By Clare Marie Merkowsky

Conservative MP Leslyn Lewis is urging Canadians to demand a parliamentary debate on the WHO Pandemic Agreement, highlighting risks to national sovereignty.

Conservative Member of Parliament (MP) Leslyn Lewis called on Canadians to petition against the World Health Organization’s (WHO) pandemic treaty before it becomes legally binding.

In an October 23 post on X, Lewis encouraged Canadians to demand that politicians debate the WHO Pandemic Agreement before it becomes law after warnings that the treaty could undermine national freedom and lead to global surveillance.

“I have raised red flags about its implications on Canada’s health sovereignty and the federal government’s willingness to enter a legally binding treaty of this weight without any input from Parliament,” she declared.

In May, Canada, under Liberal Prime Minister Mark Carney, adopted the treaty despite warnings that the agreement gives the globalist entity increased power in the event of another “pandemic.”

However, Lewis revealed that since the agreement has yet to be officially signed, Canada is not bound to it and can still make amendments.

“We are now in a critical window of opportunity to ask tough questions and debate the treaty before it is signed by the Minister of Foreign Affairs and binds our nation,” she explained.
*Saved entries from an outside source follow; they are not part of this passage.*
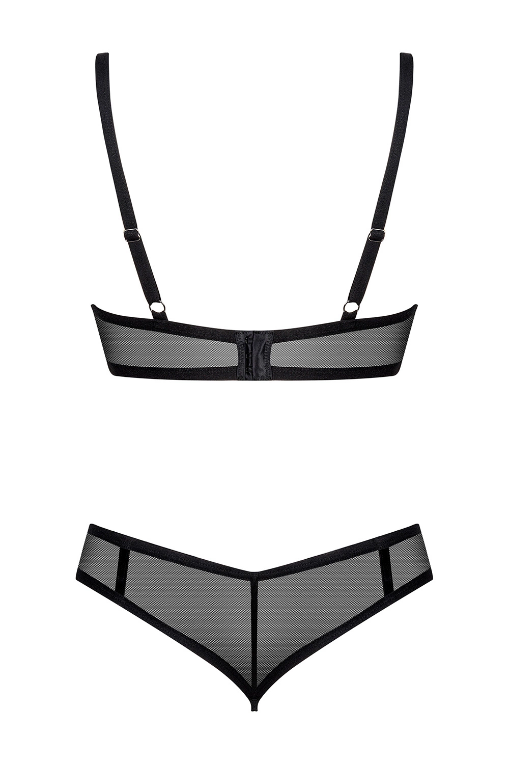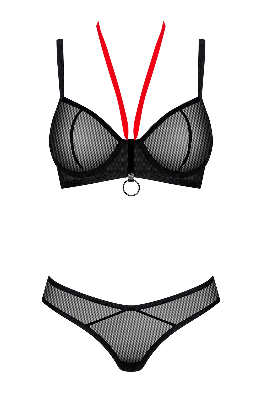 • Ein schwarzes verführerisches Set besteht aus einem BH und einem String mit tiefem Bund.
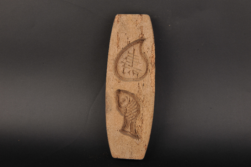 现代船形“寿”字鱼纹二联糕饼印模
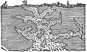 The caverns which are so large and numerous in most limestone countries are a splendid example of the solvent action of meteoric waters, being formed entirely by the dissolving out of the limestone by the water circulating through the joint cracks. The process must go on with extreme slowness at first, when the joints are narrow, and more rapidly as they are widened and more water is admitted. We get some idea, too, of the magnitude of the results accomplished by these silent and unobtrusive agencies when we reflect that almost all the loose earth and soil covering the solid rocks are simply the insoluble residue which carbon dioxide and water cannot remove. In low latitudes, where a warm climate accelerates the decay of the rocks, the soil is usually from 50 to 300 feet deep.
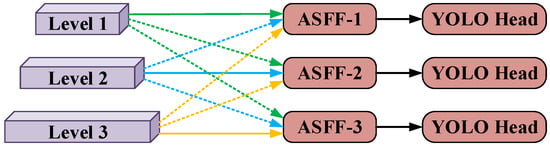 Here, , , and denote the input feature maps for level 1, level 2, and level 3, respectively. represents upsampling the level 2 feature map to the same dimensions as level1, with following the same principle. During the fusion process, the adjusted feature maps are multiplied by their corresponding adaptive weight parameters , and respectively. The weighted results are then summed to generate the final output feature map of the ASFF-1 module.
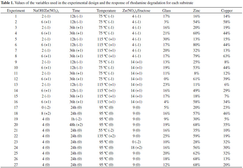 CONCLUSIONS A circumscribed central composite experimental design was used for evaluation of the synthesis variables in the preparation of ZnO immobilized on three different substrates. Among the substrates tested, zinc plates showed better film adhesion, the highest photocatalytic activity for rhodamine B degradation and better representation of the statistical model, whereas glass showed the worst results. For the zinc and copper substrates, the most important variable was the NaOH/Zn molar ratio, achieving higher values of degradation with higher values of NaOH/Zn. In the case of the zinc substrate, time and temperature showed linear and quadratic coefficients, whereas for the copper substrate, only the temperature showed quadratic coefficient. The SEM images of the ZnO immobilized on zinc foils showed a shorter and wider formation of rods when compared to copper substrate. The morphology of the samples provides valuable information. While perfectly ordered hexagonal structures are very important for photocatalytic activity, the best results were derived from the samples that contained a combination of ordered and disordered structures, indicating a synergic effect. By analyzing the powder at the bottom of the autoclaves, wurtzite structure formation can be observed.
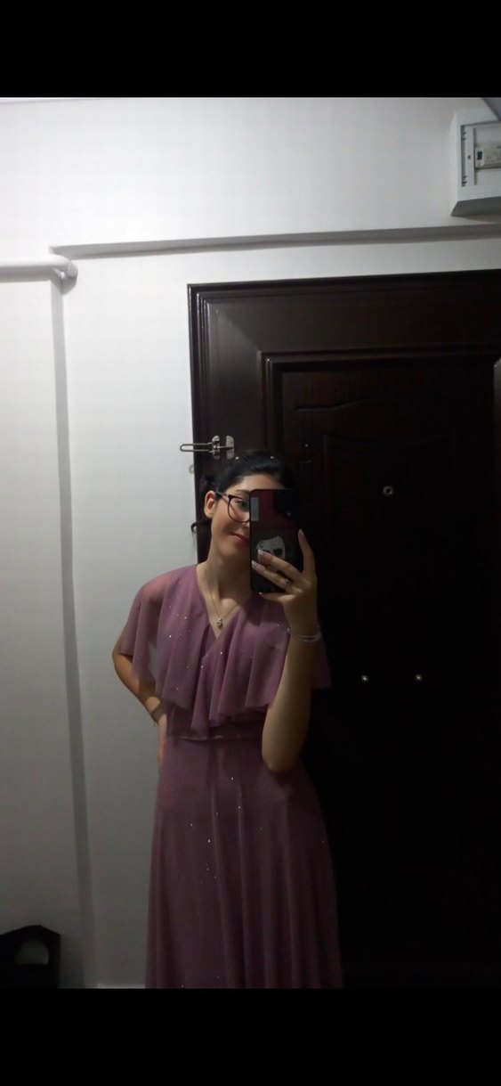 Pudra pembesi, şeffaf detaylı, straplez yaka ve kısa kollu, ince ve ipeksi kumaştan yapılmış, sade ve şık uzun elbise.
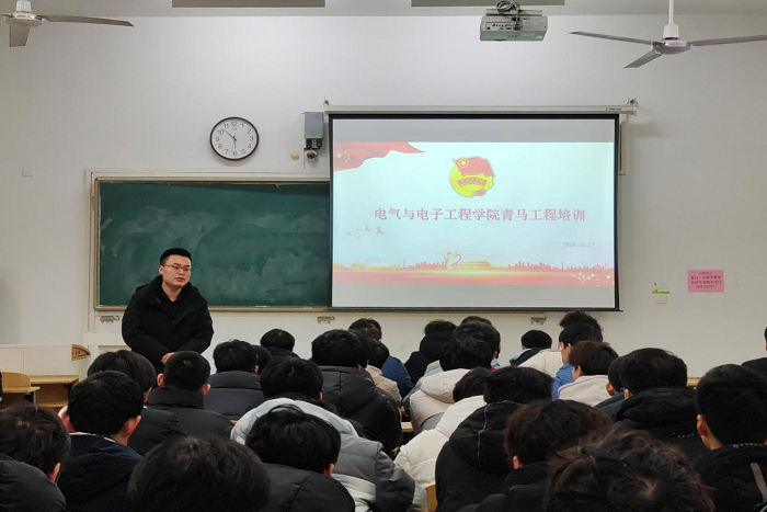 为深入学习贯彻习近平新时代中国特色社会主义思想,提高学生干部思想政治素养,坚定理想信念,厚植爱国主义情怀,彰显青春风采。电气与电子工程学院于2023年12月27日晚在致知楼C105举办青马工程培训会,学院全体学生干部参加会议。会议由于宏亮老师主持。
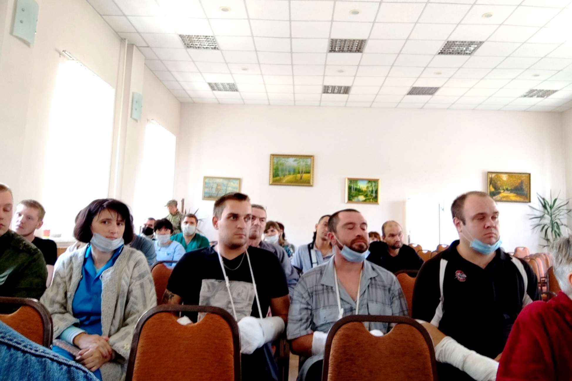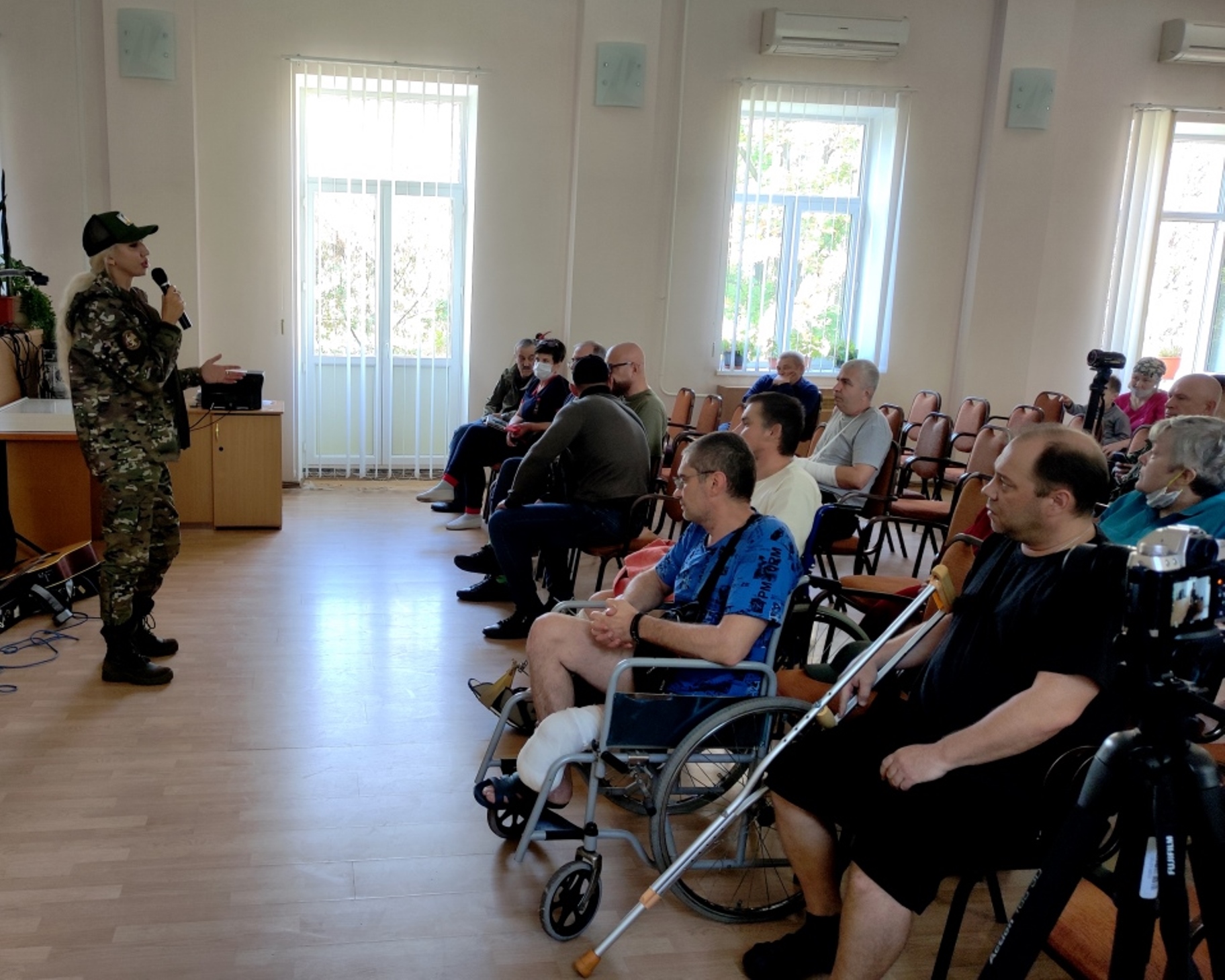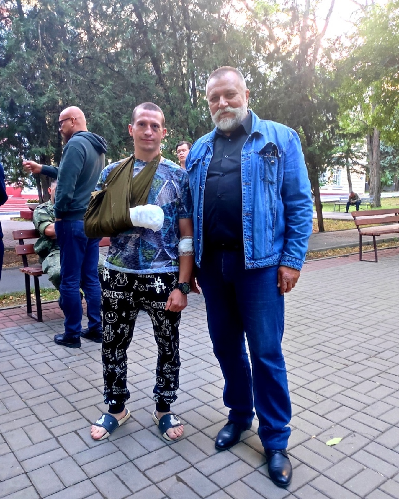 Опять встречи с бойцами, с раненными и врачами. Так же, как и в Ростове, госпиталь производит тяжелейшее впечатление. Страдания молодых и уже пожилых солдат и офицеров рвут сердце, но просто невозможно смотреть на покалеченных женщин. А встречно и утешение нам, от них нам! – «Спасибо, Россия. Вместе мы теперь победим».

Lewis encouraged Canadians to sign a petition calling for a debate of the agreement as well as contacting their local MPs to request a parliamentary review of the treaty.

Lewis revealed that Canadians’ persistent opposition to the treaty has already resulted in some of the more dangerous clauses, including restricting free speech, freedom of movement, and government surveillance, being removed from the final agreement.

“The removal of provisions on vaccine mandates, misinformation and disinformation, censorship requirements, travel restrictions, global surveillance, and mandatory health measures happened because people paid attention and spoke up,” she continued.

Among the most criticized parts of the agreement is the affirmation that “the World Health Organization is the directing and coordinating authority on international health work, including on pandemic prevention, preparedness and response.”

While the agreement claims to uphold “the principle of the sovereignty of States in addressing public health matters,” it also calls for a globally unified response in the event of a pandemic, stating plainly that “(t)he Parties shall promote a One Health approach for pandemic prevention, preparedness and response.”